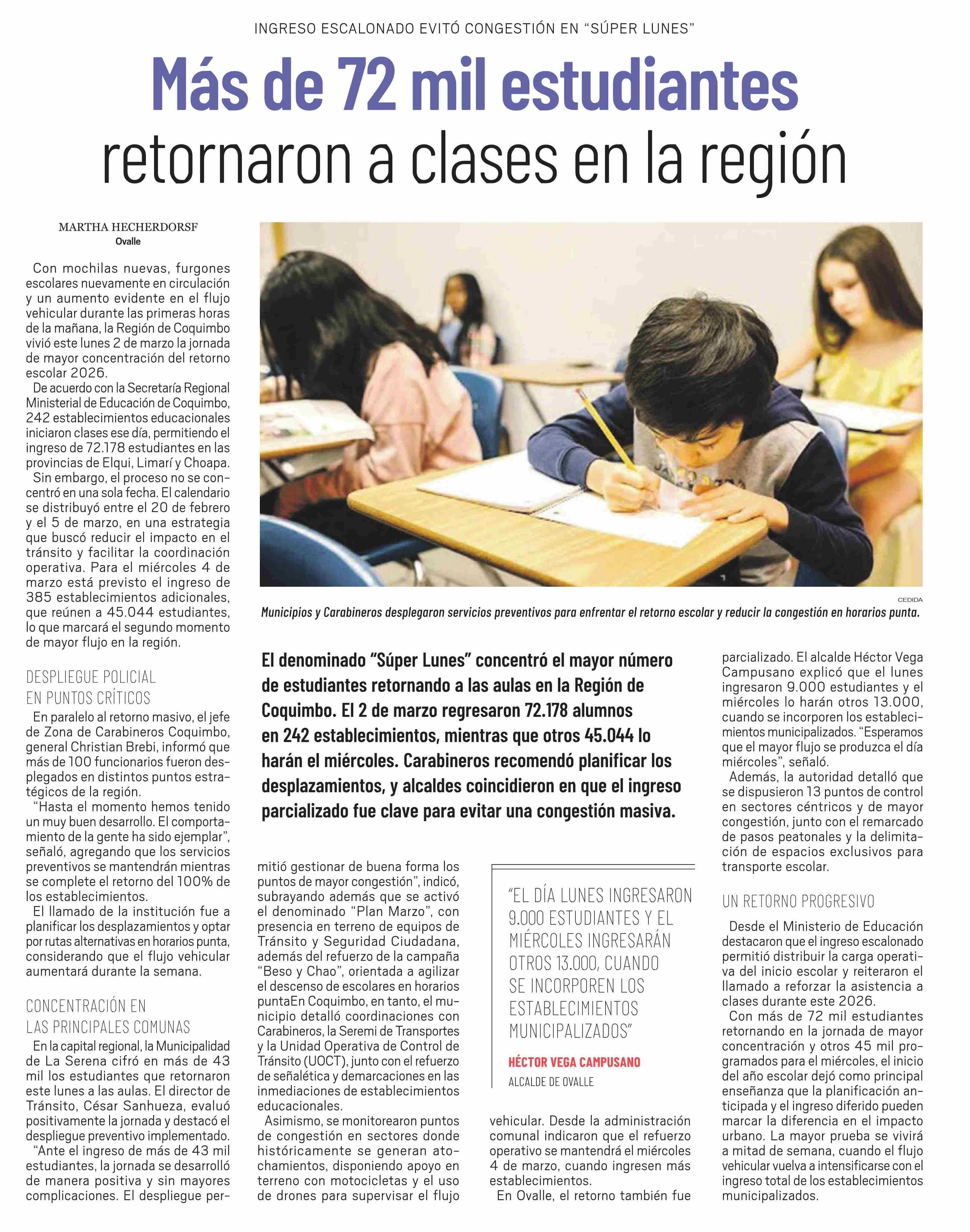 Más de 72 mil estudiantes retornaron a clases en la región 03-03-2026 El Ovallino |
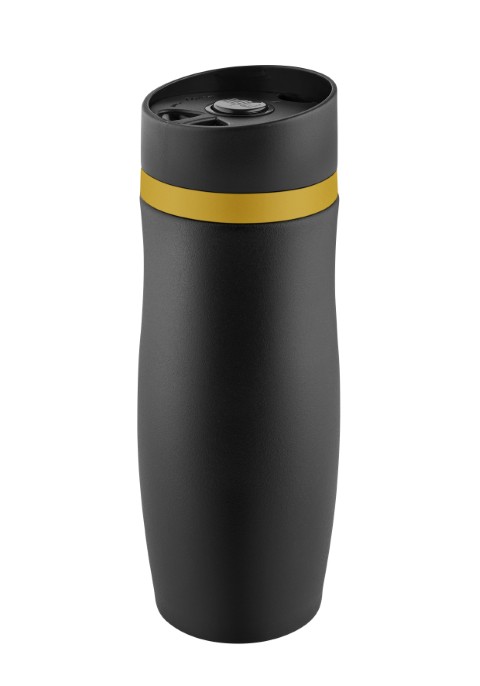 Metmaxx® Thermobecher "CremaExtensaNero" schwarz/Ring gelb
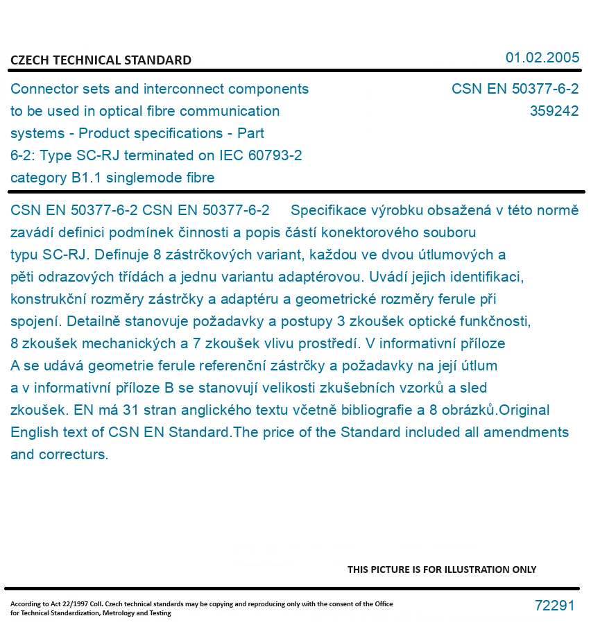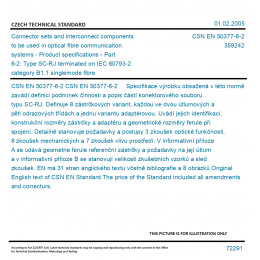 CSN EN 50377-6-2 Specifikace výrobku obsažená v této normě zavádí definici podmínek činnosti a popis částí konektorového souboru typu SC-RJ. Definuje 8 zástrčkových variant, každou ve dvou útlumových a pěti odrazových třídách a jednu variantu adaptérovou. Uvádí jejich identifikaci, konstrukční rozměry zástrčky a adaptéru a geometrické rozměry ferule při spojení. Detailně stanovuje požadavky a postupy 3 zkoušek optické funkčnosti, 8 zkoušek mechanických a 7 zkoušek vlivu prostředí. V informativní příloze A se udává geometrie ferule referenční zástrčky a požadavky na její útlum a v informativní příloze B se stanovují velikosti zkušebních vzorků a sled zkoušek. EN má 31 stran anglického textu včetně bibliografie a 8 obrázků. Original English text of CSN EN Standard. The price of the Standard included all amendments and correcturs.
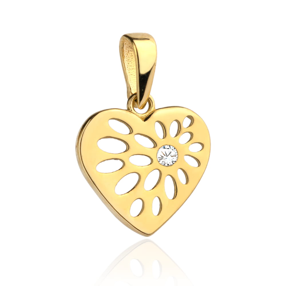 Zawieszka w kształcie serduszka z wykończonym złotem, ozdobiona delikatną cyrkonią, dodaje elegancji i romantycznego blasku każdemu naszyjnikowi. Idealna na prezent lub do codziennego noszenia, podkreśla wyjątkowy styl i subtelność Twojej biżuterii.

• • •

- Task details
Reproduce every line of the material precisely, omitting its pictures.

- Exercise solution
 Más de 72 mil estudiantes retornaron a clases en la región 03-03-2026 El Ovallino |
 Metmaxx® Thermobecher "CremaExtensaNero" schwarz/Ring gelb
 CSN EN 50377-6-2 Specifikace výrobku obsažená v této normě zavádí definici podmínek činnosti a popis částí konektorového souboru typu SC-RJ. Definuje 8 zástrčkových variant, každou ve dvou útlumových a pěti odrazových třídách a jednu variantu adaptérovou. Uvádí jejich identifikaci, konstrukční rozměry zástrčky a adaptéru a geometrické rozměry ferule při spojení. Detailně stanovuje požadavky a postupy 3 zkoušek optické funkčnosti, 8 zkoušek mechanických a 7 zkoušek vlivu prostředí. V informativní příloze A se udává geometrie ferule referenční zástrčky a požadavky na její útlum a v informativní příloze B se stanovují velikosti zkušebních vzorků a sled zkoušek. EN má 31 stran anglického textu včetně bibliografie a 8 obrázků. Original English text of CSN EN Standard. The price of the Standard included all amendments and correcturs.
 Zawieszka w kształcie serduszka z wykończonym złotem, ozdobiona delikatną cyrkonią, dodaje elegancji i romantycznego blasku każdemu naszyjnikowi. Idealna na prezent lub do codziennego noszenia, podkreśla wyjątkowy styl i subtelność Twojej biżuterii.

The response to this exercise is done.